As the Industrial Revolution took hold in the end of the 18th and beginning of the 19th century, the technology allowed canals to be improved. The early canals contoured round hills and valleys, later ones went straighter. Locks took canals up and down hills, and they strode across valleys on taller and longer aqueducts and through hills in longer and deeper tunnels.
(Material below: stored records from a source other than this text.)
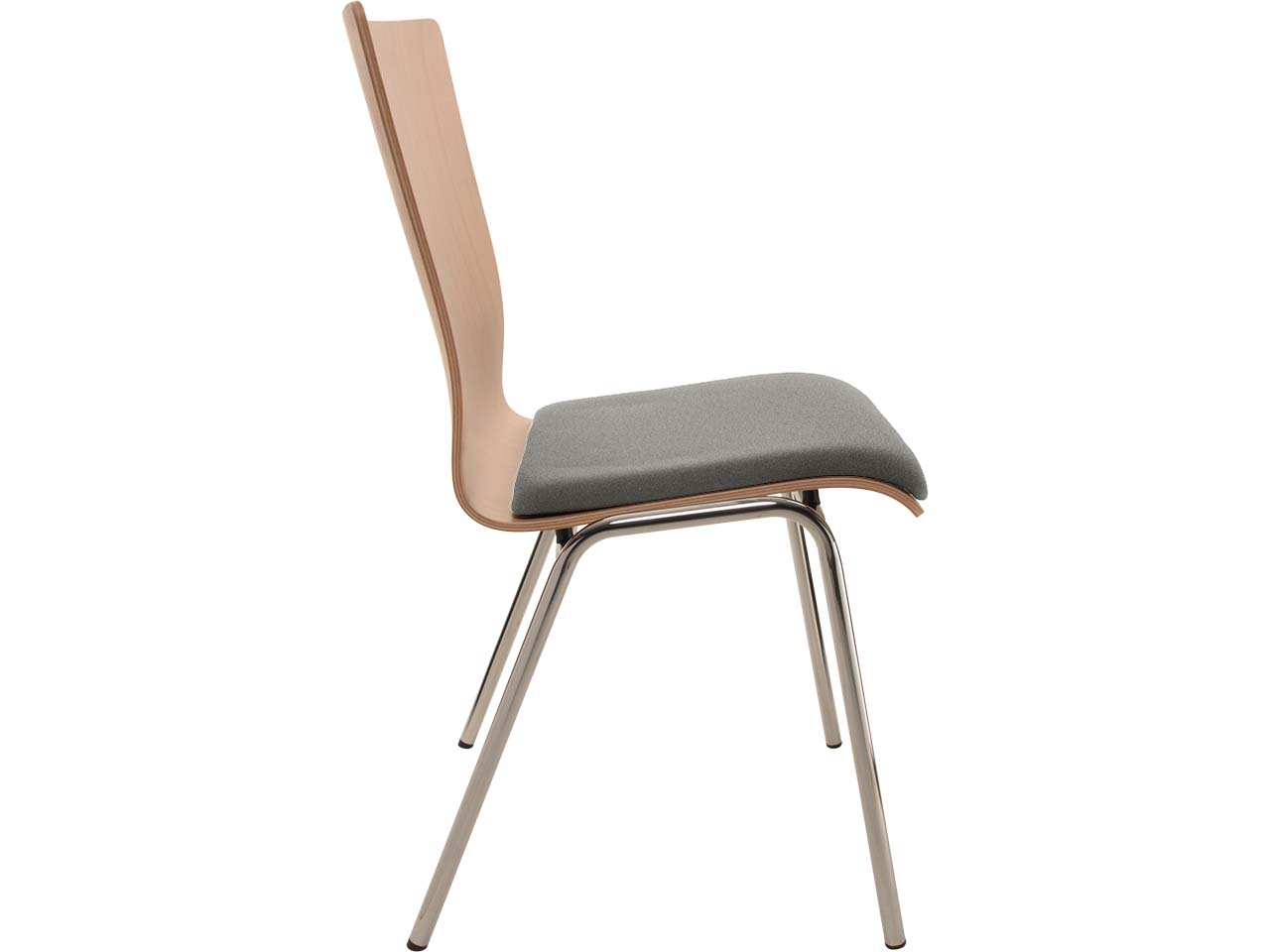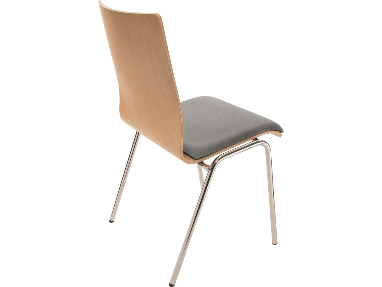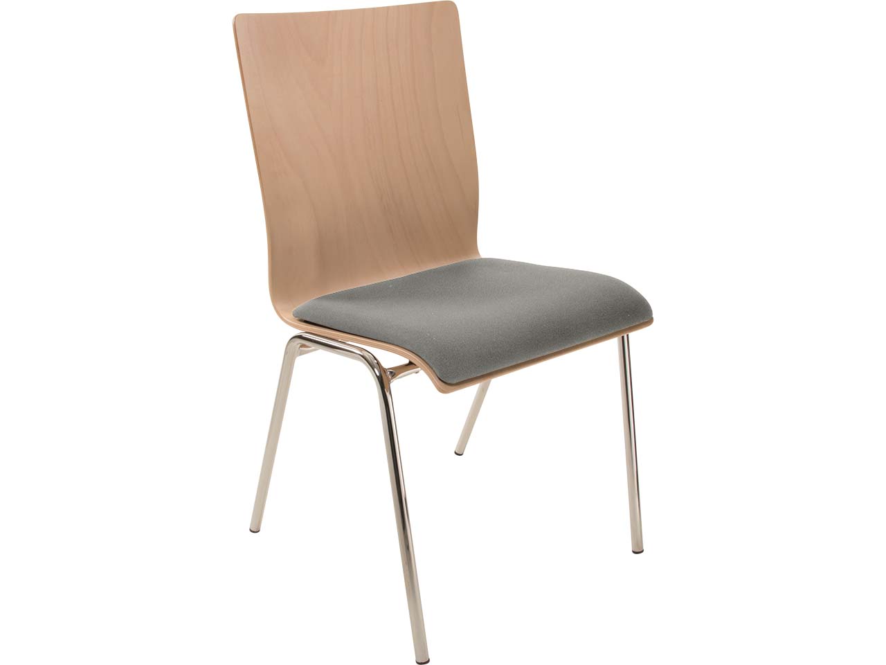Der schlicht gestaltete Besucherstuhl fügt sich nahtlos in bestehende Raumkonzepte ein. Mit seinem verchromten Stahlgestell ist der Stuhl sehr stabil. Er eignet sich hervorragend für Wartezimmer, Besprechungs- oder Konferenzräume. Die Sitzfläche ist mit einem auswechselbaren Sitzkissen gepolstert. Die Holzschale aus Buchenholz ist mit Wasserlack nach B1 lackiert, wodurch der Stuhl schwer entflammbar und beständig gegen Desinfektionsmittel ist.
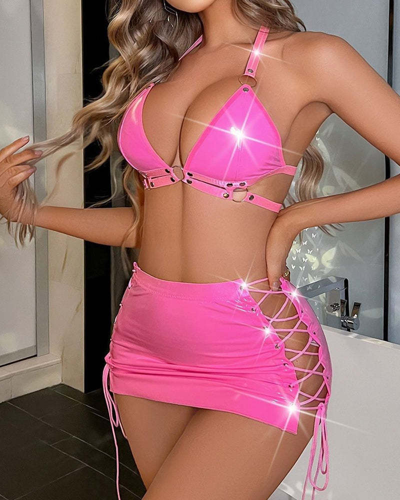 PU Patent Leather Bunny Girl Role-playing Sexy Glossy Set
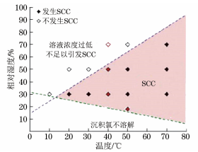 有些研究人員將氯化物的DRH視作不銹鋼發生CISCC所需的相對濕度下限,然而這一判斷準則可能不準確。許多研究人員在低于DRH的RH下觀察到了明顯的腐蝕現象。SCHINDELHOLZ等在不同 RH 的氯化鎂和合成海鹽環境中進行試驗,結果表明在RH11%氯化鎂及RH23%合成海鹽環境中,不銹鋼都發生了腐蝕。因此,從保守角度考慮不銹鋼貯存筒發生CISCC的RH下限應低于氯化物的DRH。

However, from the mid 19th century, railways began to replace canals, especially those built with the standard narrow (7 ft) bridges and locks. As trains, and later road vehicles, became more advanced, they became cheaper than the narrow canal system, being faster, and able to carry much larger cargoes. The canal network declined, and many canals were bought by railway companies – in some cases to enable them to penetrate rival companies' areas transhipping to/from canal boats. Some narrow canals became unusable, filled with weeds, silt and rubbish, or converted to railways. There was a late burst of wide-waterway building (e.g. the Caledonian Canal, and the Manchester Ship Canal), and of invention and innovation by people such as Bartholomew of the Aire and Calder company, who conceived the trains of nineteen coal-filled "Tom Pudding" compartment boats that were pulled along the Aire and Calder Navigation from the Yorkshire coalfields, and lifted bodily to upturn their contents directly into seagoing colliers at Goole Docks (their descendants, Hargreaves' tugs pushing three coal-pans trains to be upended into hoppers at the Aire power stations lasted as late as 2004). However, the last new canal before the end of the 20th century was the New Junction Canal in Yorkshire (now South Yorkshire) in 1905. As competition intensified, horse-drawn single narrowboats were replaced by steam and later diesel powered boats towing an unpowered butty, and many of the boatmen's families abandoned their shore homes for a life afloat, to help with boat handling and to reduce accommodation costs – the birth of the legendary "boatman's cabin" with bright white lace, gleaming brass and gaily-painted metalware.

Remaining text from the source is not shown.